If there be a place in this busy island which may distract the passion of youth from love to scholarship, to Ritualism, to mediaeval associations, to that sort of poetical sentiment or poetical fanaticism which a Mivers and a Welby and an advocate of the Realistic School would hold in contempt,—certainly that place is Oxford,—home; nevertheless, of great thinkers and great actors in the practical world.
The vacation had not yet commenced, but the commencement was near at hand. Kenelm thought he could recognize the leading men by their slower walk and more abstracted expression of countenance. Among the Fellows was the eminent author of that book which had so powerfully fascinated the earlier adolescence of Kenelm Chillingly, and who had himself been subject to the fascination of a yet stronger spirit. The Rev. Decimus Roach had been ever an intense and reverent admirer of John Henry Newman,—an admirer, I mean, of the pure and lofty character of the man, quite apart from sympathy with his doctrines. But although Roach remained an unconverted Protestant of orthodox, if High Church, creed, yet there was one tenet he did hold in common with the author of the “Apologia.” He ranked celibacy among the virtues most dear to Heaven. In that eloquent treatise, “The Approach to the Angels,” he not only maintained that the state of single blessedness was strictly incumbent on every member of a Christian priesthood, but to be commended to the adoption of every conscientious layman.
It was the desire to confer with this eminent theologian that had induced Kenelm to direct his steps to Oxford.
Mr. Roach was a friend of Welby, at whose house, when a pupil, Kenelm had once or twice met him, and been even more charmed by his conversation than by his treatise.
Kenelm called on Mr.
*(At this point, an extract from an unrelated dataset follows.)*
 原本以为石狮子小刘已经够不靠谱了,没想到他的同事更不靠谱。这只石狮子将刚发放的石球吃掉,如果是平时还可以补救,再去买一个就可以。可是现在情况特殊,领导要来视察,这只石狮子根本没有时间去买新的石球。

Roach, who received him very graciously, and, not being a tutor or examiner, placed his time at Kenelm’s disposal; took him the round of the colleges and the Bodleian; invited him to dine in his college-hall; and after dinner led him into his own rooms, and gave him an excellent bottle of Chateau Margeaux.
Mr. Roach was somewhere about fifty,—a good-looking man and evidently thought himself so; for he wore his hair long behind and parted in the middle, which is not done by men who form modest estimates of their personal appearance.
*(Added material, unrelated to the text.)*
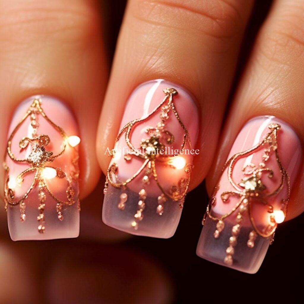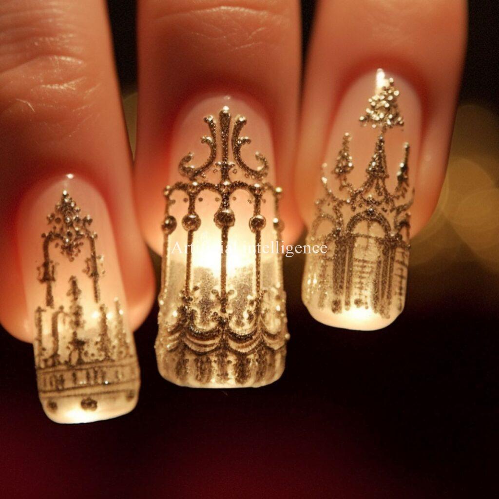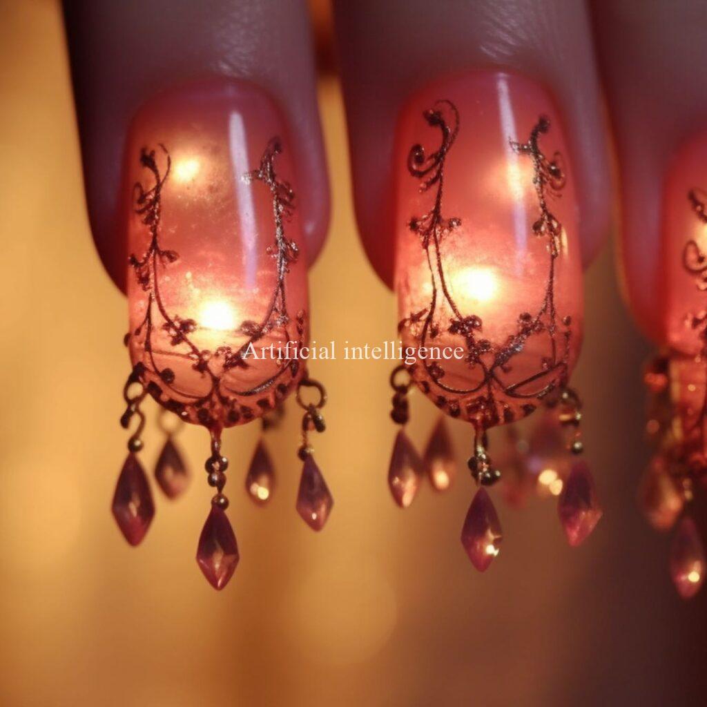 shining chandelier nails by AI

Kenelm was not long in drawing out his host on the subject to which that profound thinker had devoted so much meditation.
“I can scarcely convey to you,” said Kenelm, “the intense admiration with which I have studied your noble work, ‘Approach to the Angels.’ It produced a great effect on me in the age between boyhood and youth. But of late some doubts on the universal application of your doctrine have crept into my mind.”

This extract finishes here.